Your assignment => Could you output each line below precisely as it stands, without the images?

*** Input for this task ***

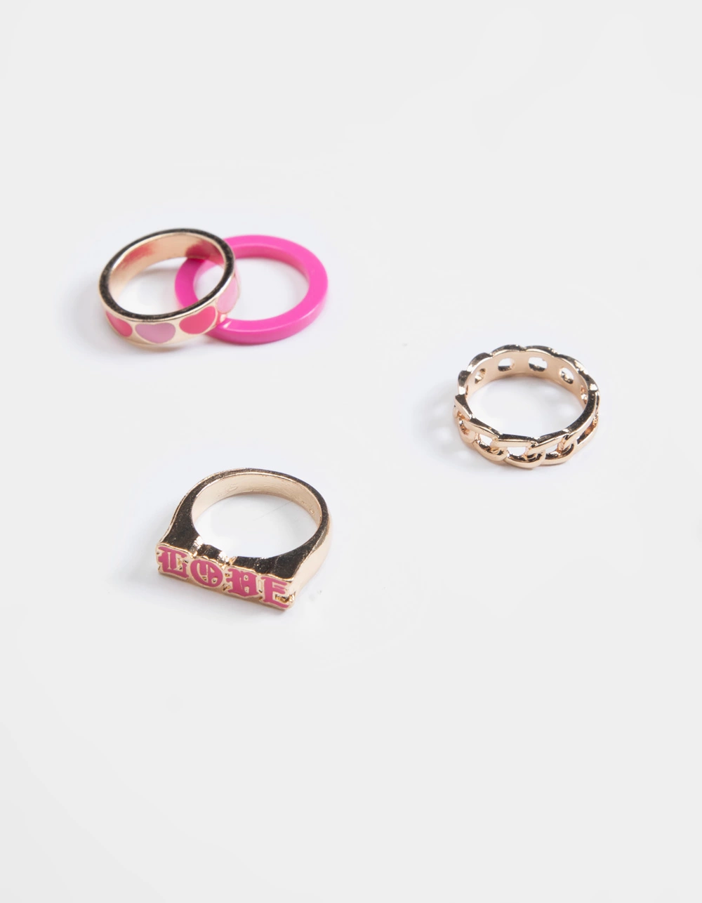 Full Tilt 4 Pack Love Hearts Ring Set. Various sizes and designs. multicolored. Imported.
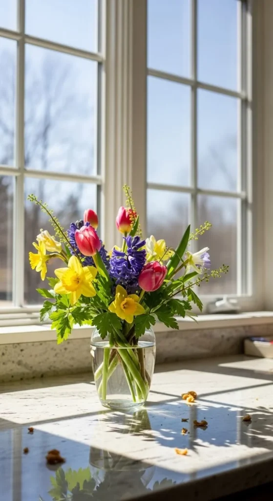 A small vase on the kitchen counter adds life without getting in the way. Place it near a window or corner. Choose flowers that don’t drop petals quickly. Keep stems short and water clean. This adds warmth to everyday routines like cooking or morning coffee. Avoid bold colors here. Soft greens and whites feel calm in busy kitchens.
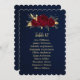 romantic burgundy dark red flowers and gold leaves navy blue seating chart card.
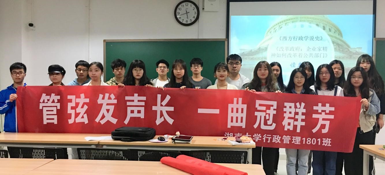 教授,硕士生导师李金龙老师出席并担任评议嘉宾,行管1801、1802班班长王琦珑、卢艺文联合主持,由 2018级本科生分享阅读了由丁煌所著的《西方行政学说史》以及戴维·奥斯本和特德·盖布勒合著的《改革政府》后的感悟与思考。大家围坐在一起,认真倾听,自由发言,平等交流,一同感受知识的魅力和分享的乐趣。
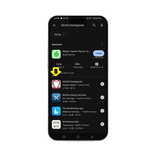 Browse through the search results to find the Mindful Eetatdagboek app. Ensure you verify the app by checking the developer’s name and icon to confirm it’s the correct one
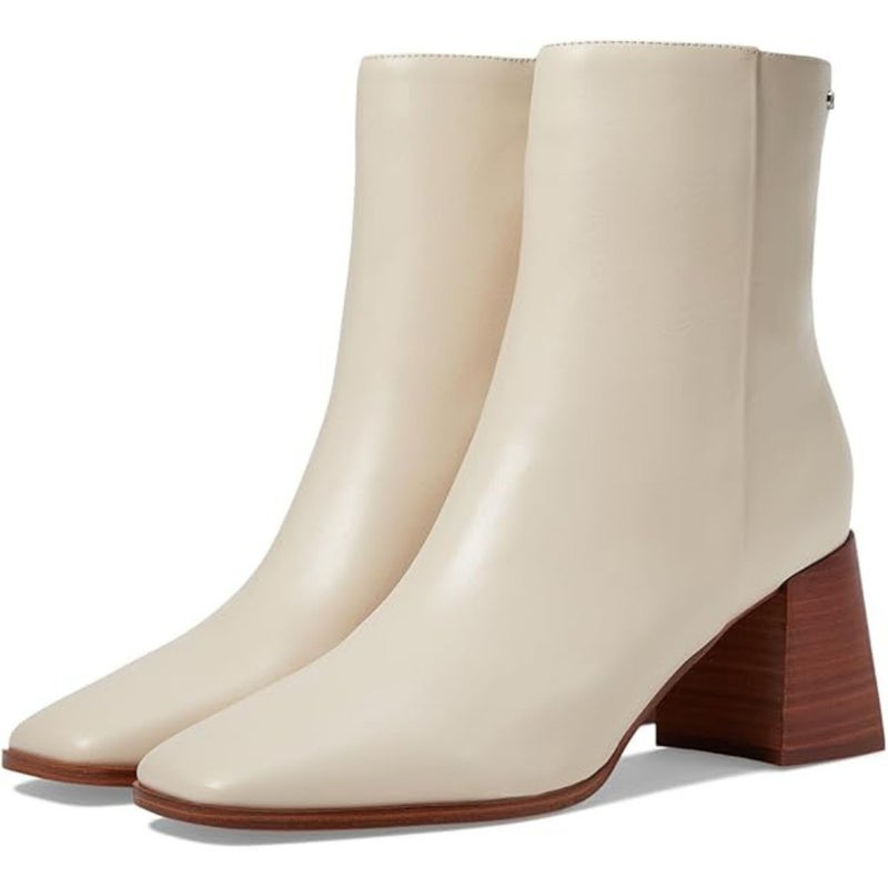 Calvin Klein Broma Boots Women's US 8 White Leather Block Heel Bootie LION470
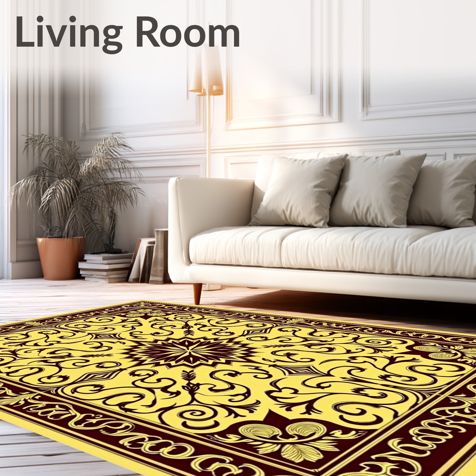 Ultra Soft Area Rug, Non Slip, Stain Resistant, Washable Area Rugs for Living Room, Bedroom, Arabesque Scroll Design with Symmetrical Vine(Yellow) Overview:
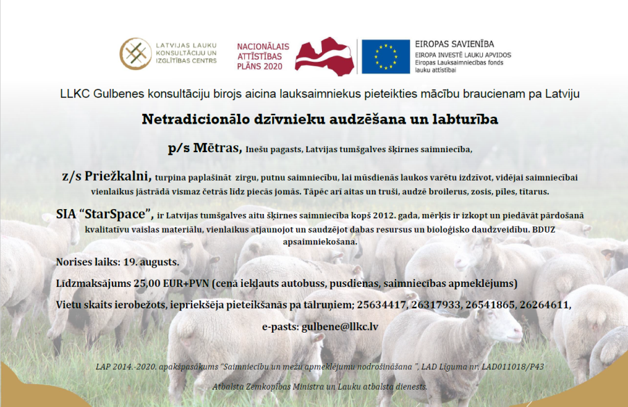 LLKC Gulbenes konsultāciju birojs aicina lauksaimniekus pieteikties mācību braucienam pa Latviju, 19. augustā
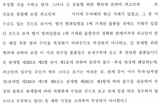 검사는 관세법, 상표법 위반으로 인하여 필요적 추징을 구하였지만 밀수입 물품들이 모두 보세구역을 통해 들어오게 된 점을 통해 해당 물품은 필요적 몰수, 추징 대상이 아닌 임의적 추징대상이라는 점을 강하게 주장했고, 피고인이 관세를 이미 납부한 점을 들어 이중추징의 위험이 있다는 점을 말씀드렸습니다. 재판부에서는 이러한 사실관계를 인정하여 피고인에게 벌금 1,000만 원을 선고하면서 추징을 면제해주었습니다.
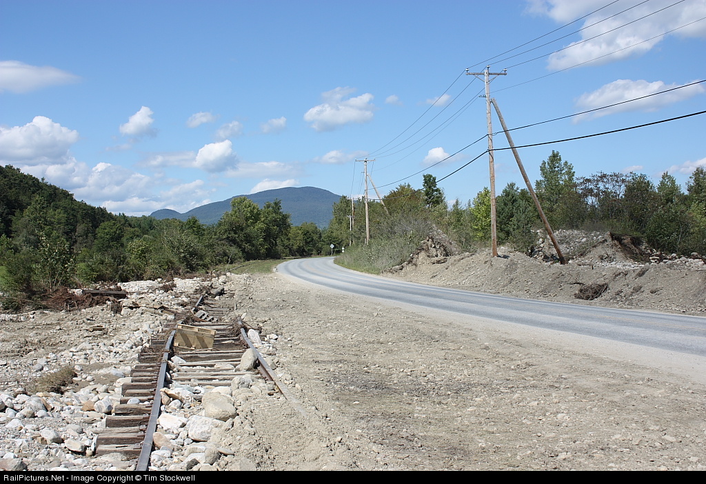HURRICANE/TROPICAL STORM IRENE DAMAGE IN VERMONT: The State of Vermont was absolutely devastated by Hurricane/Tropical Storm Irene. This scene along Vermont Railway's Bennington and Rutland Subdivision at Manchester, Vermont is minor compared to other damage throughout the state. Nevertheless, this will certainly put this line out of service for a while. Here, water crossed the road on the right and swept over the tracks.
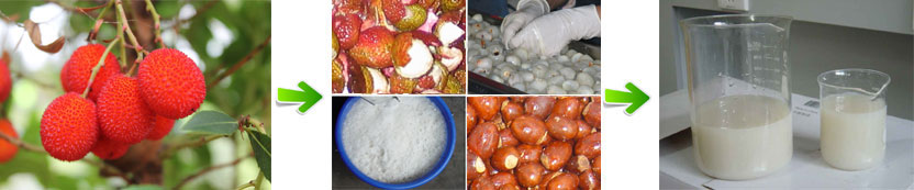 - Lychee and longan processing plant can automatically grade, clean, sterilize, peel, remove seeds, make jam and press juice, then ferment to become lychee wine, fill to get finished product. It is widely used in the downstream processing of lychee and longan juice and fruit wines.
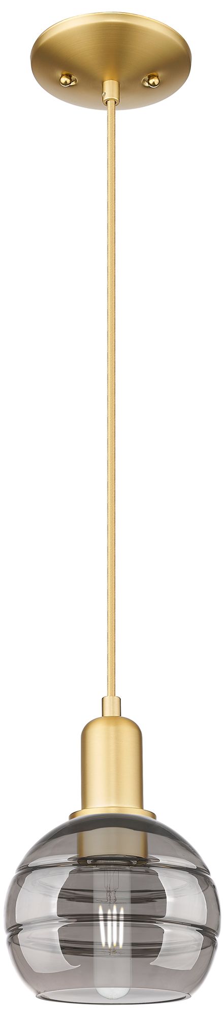 Arcadia Rochester 6"W Gold Cord Hung Mini Pendant w/ Light Smoke Shade
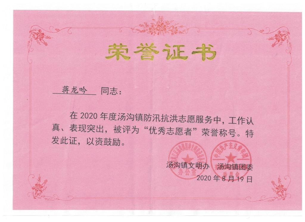 在7月26日—8月10日,为期14天的志愿服务工作当中,蒋龙吟及其所在的防汛小组,不畏风吹雨打,不惧蚊虫叮咬,日夜坚守在堤坝之上。饿了就啃方便面,渴了就喝矿泉水,寻堤的时候越是泥泞的地方越要仔细检查,一天下来鞋子沾满了於泥全部湿透,而晚上因为大坝经过白天太阳的炙烤显得空气十分的燥热,蚊虫也是呱噪扰人。

*** End of Input for this task ***

Answer to the problem =>
 Full Tilt 4 Pack Love Hearts Ring Set. Various sizes and designs. multicolored. Imported.
 A small vase on the kitchen counter adds life without getting in the way. Place it near a window or corner. Choose flowers that don’t drop petals quickly. Keep stems short and water clean. This adds warmth to everyday routines like cooking or morning coffee. Avoid bold colors here. Soft greens and whites feel calm in busy kitchens.
 romantic burgundy dark red flowers and gold leaves navy blue seating chart card.
 教授,硕士生导师李金龙老师出席并担任评议嘉宾,行管1801、1802班班长王琦珑、卢艺文联合主持,由 2018级本科生分享阅读了由丁煌所著的《西方行政学说史》以及戴维·奥斯本和特德·盖布勒合著的《改革政府》后的感悟与思考。大家围坐在一起,认真倾听,自由发言,平等交流,一同感受知识的魅力和分享的乐趣。
 Browse through the search results to find the Mindful Eetatdagboek app. Ensure you verify the app by checking the developer’s name and icon to confirm it’s the correct one
 Calvin Klein Broma Boots Women's US 8 White Leather Block Heel Bootie LION470
 Ultra Soft Area Rug, Non Slip, Stain Resistant, Washable Area Rugs for Living Room, Bedroom, Arabesque Scroll Design with Symmetrical Vine(Yellow) Overview:
 LLKC Gulbenes konsultāciju birojs aicina lauksaimniekus pieteikties mācību braucienam pa Latviju, 19. augustā
 검사는 관세법, 상표법 위반으로 인하여 필요적 추징을 구하였지만 밀수입 물품들이 모두 보세구역을 통해 들어오게 된 점을 통해 해당 물품은 필요적 몰수, 추징 대상이 아닌 임의적 추징대상이라는 점을 강하게 주장했고, 피고인이 관세를 이미 납부한 점을 들어 이중추징의 위험이 있다는 점을 말씀드렸습니다. 재판부에서는 이러한 사실관계를 인정하여 피고인에게 벌금 1,000만 원을 선고하면서 추징을 면제해주었습니다.
HURRICANE/TROPICAL STORM IRENE DAMAGE IN VERMONT: The State of Vermont was absolutely devastated by Hurricane/Tropical Storm Irene. This scene along Vermont Railway's Bennington and Rutland Subdivision at Manchester, Vermont is minor compared to other damage throughout the state. Nevertheless, this will certainly put this line out of service for a while. Here, water crossed the road on the right and swept over the tracks.
 - Lychee and longan processing plant can automatically grade, clean, sterilize, peel, remove seeds, make jam and press juice, then ferment to become lychee wine, fill to get finished product. It is widely used in the downstream processing of lychee and longan juice and fruit wines.
 Arcadia Rochester 6"W Gold Cord Hung Mini Pendant w/ Light Smoke Shade
 在7月26日—8月10日,为期14天的志愿服务工作当中,蒋龙吟及其所在的防汛小组,不畏风吹雨打,不惧蚊虫叮咬,日夜坚守在堤坝之上。饿了就啃方便面,渴了就喝矿泉水,寻堤的时候越是泥泞的地方越要仔细检查,一天下来鞋子沾满了於泥全部湿透,而晚上因为大坝经过白天太阳的炙烤显得空气十分的燥热,蚊虫也是呱噪扰人。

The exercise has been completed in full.